"An Architecture for Universal Distributed Tracing"
Monday, October 2, 2017, at 1:00 P.M.
Room 368 (CIT 3rd Floor)
Today's tools and abstractions for monitoring, understanding, and enforcing system behaviors often cannot coherently reason about end-to-end executions, because important context is lost when crossing software component and machine boundaries. This makes it difficult to answer questions about causes of failures, uncover dependencies between components, or understand performance or resource usage; it is even harder to provide end-to-end performance guarantees or isolation between tenants.
To address these challenges, recent research and open-source projects have proposed tracing tools for distributed systems, that communicate information between inter-operating system components at runtime by propagating in-band contexts. However, deploying tracing tools is fraught with difficulty, and their applicability is limited, because of the need for both intrusive instrumentation and pervasive deployment. Organizations report drawn-out struggles to deploy tracing tools because of the high developer cost associated with instrumenting all system components to participate in propagating the tool's context. This, along with other obstacles, has hindered the wider development of tracing tools in promising areas such as resource management and online monitoring. In this thesis I extend concepts introduced by previous tracing tools to two new areas, presenting two tracing tools that achieve very different end-to-end goals. Retro, a resource management framework, provides per-tenant performance guarantees; Retro propagates tenant identifiers alongside requests, and uses them to attribute resource consumption to tenants and make per-tenant scheduling decisions. Pivot Tracing, a monitoring framework, gives operators and users the ability to obtain an arbitrary metric from one point of the system, while selecting, filtering, and grouping by events meaningful at other parts of the system; Pivot Tracing dynamically evaluates monitoring queries at multiple points during execution, and relates information between points by propagating partial query state alongside requests.

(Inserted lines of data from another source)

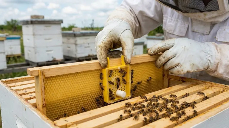A new queen is typically introduced inside a small protective cage. This cage allows the worker bees to become accustomed to her unique pheromones over several days without being able to harm her. They see her not as an invader, but as the solution to their queenless state.
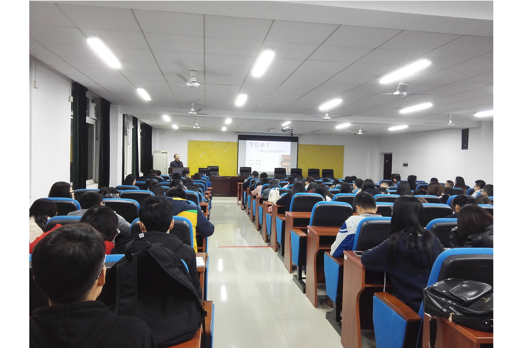 本次主题讲座胡栋材老师以通俗诙谐的方式讲述了学长的读书故事,不仅让同学们学到了前人的经验,更让同学们对于读书有了新的理解,对今后的大学生活有了新的期望。 晚20:40,本次主题讲座圆满结束。
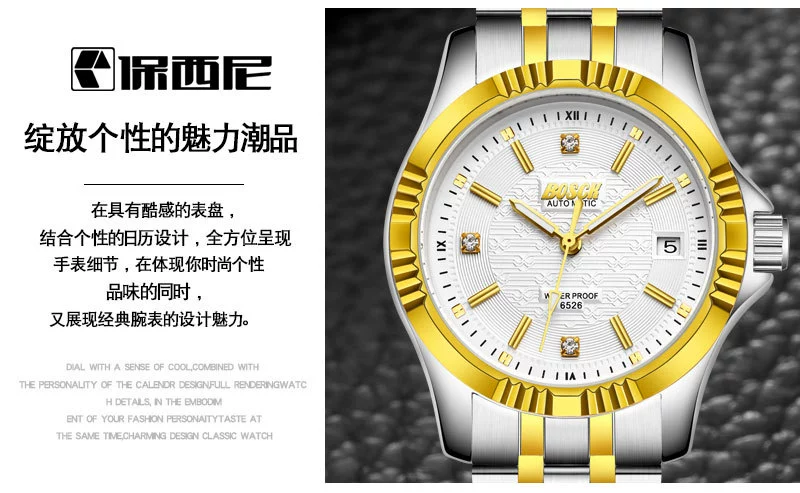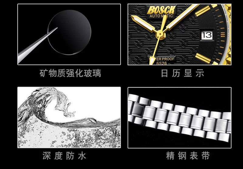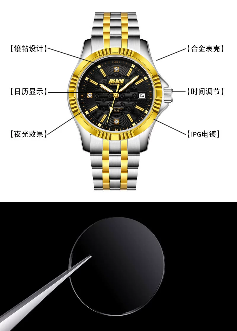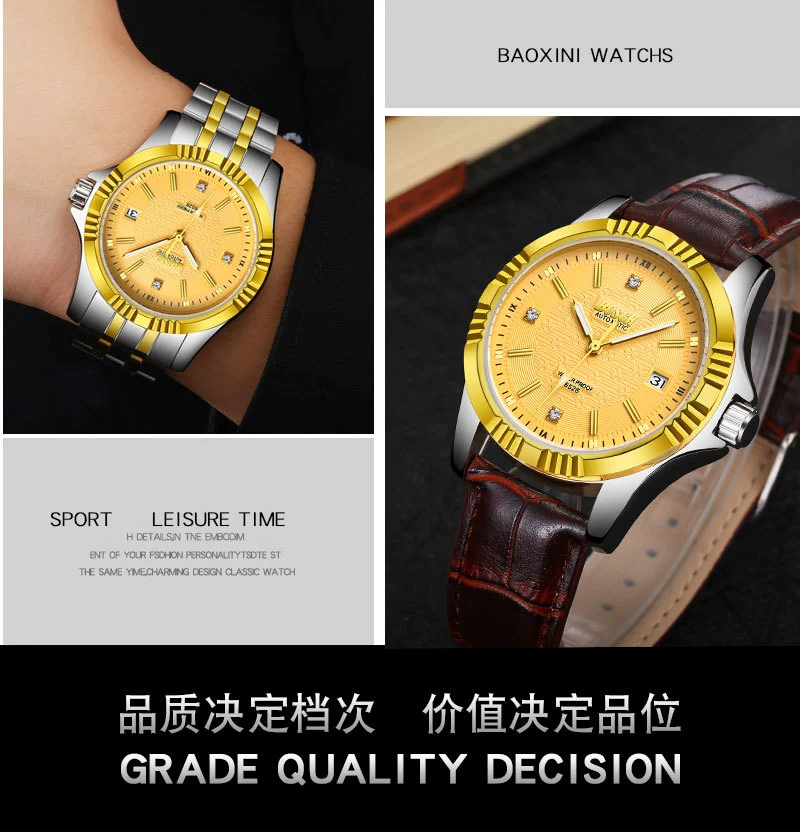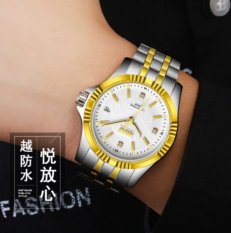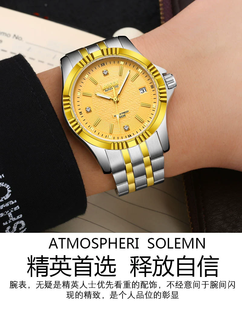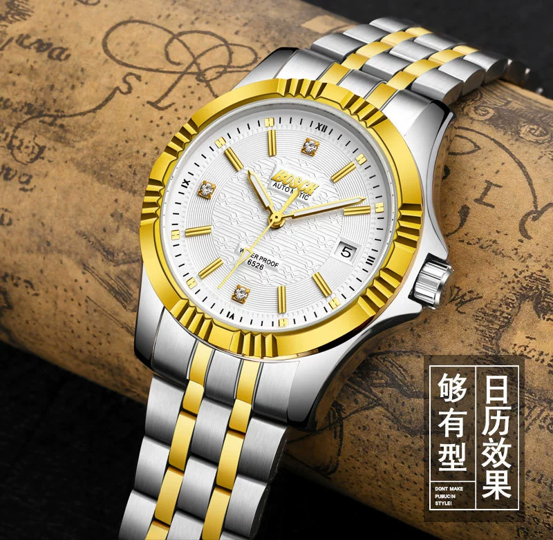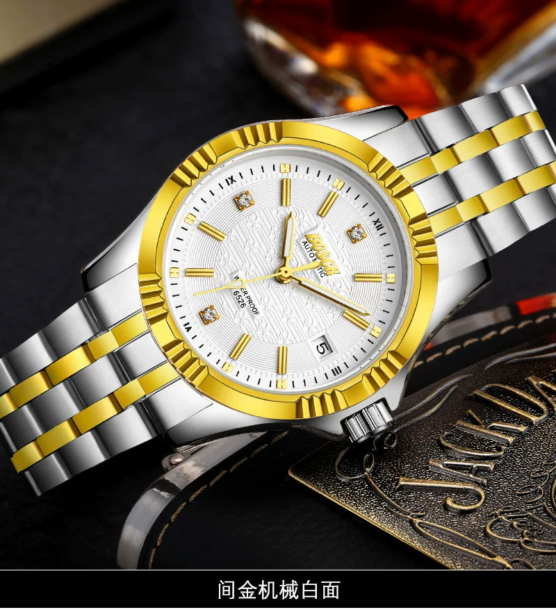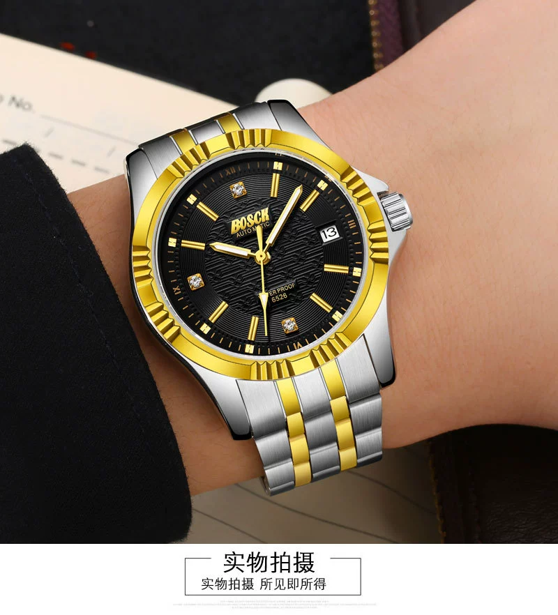Men Gold Watches Automatic Mechanical Watch Male Luminous Wristwatch Stainless Steel Band Luxury Brand Sports Design Watches

Next, I identify and categorize common challenges associated with developing and deploying tracing tools in distributed systems. Despite superficial differences between tracing tools, at their core they share common components and duplicate a majority of their implementation effort. Consequently, I advocate that instrumentation should be only a one-time task, reusable, and independent of any tracing tool; and that developing, deploying, and updating tracing tools should be possible without having to revisit or consider the underlying context propagation mechanisms.
Finally, the principal contribution of this thesis is a layered architecture for general-purpose context propagation in distributed systems called the Tracing Plane. The Tracing Plane enables new tracing tools to be developed and deployed independently without having to revisit system-level instrumentation to deploy new propagation logic. The Tracing Plane abstracts and encapsulates several key components that address the aforementioned challenges, and decouples the components into separate layers that can be addressed independently by different teams of developers. Two key abstractions, provided by the topmost and bottommost layers respectively, separate the concerns of tracing tool developers from those of system developers. First, tracing tool developers should implement contexts using an execution-flow scoped variables abstraction, which I liken to thread-local storage but dynamically scoped to end-to-end executions instead of threads. These variables are grouped into what I term baggage. Second, system developers doing instrumentation should propagate opaque contexts, which I term baggage contexts. Baggage contexts hide their underlying format from system developers and standardize system instrumentation on a simple set of five propagation primitives, thereby avoiding development-time decisions about which tracing tools to support.
To implement the Tracing Plane architecture, we require careful consideration of how contexts should behave as they traverse component boundaries, and we must provide datatypes with well-defined branch and merge semantics for concurrent executions that fan in and out. I propose an implementation based on the theory of conflict-free replicated data types, that encapsulates the subtleties of propagating heterogeneous datatypes, and provides a general-purpose context that bridges the two key abstractions.
The potential impact of a common architecture for context propagation is significant. Developers would no longer need to make development-time decisions about which tools to deploy and support; they would no longer need a priori knowledge of dependencies between components; and it would enable more pervasive, more useful, and more diverse tracing tools.
Host: Professor Rodrigo Fonseca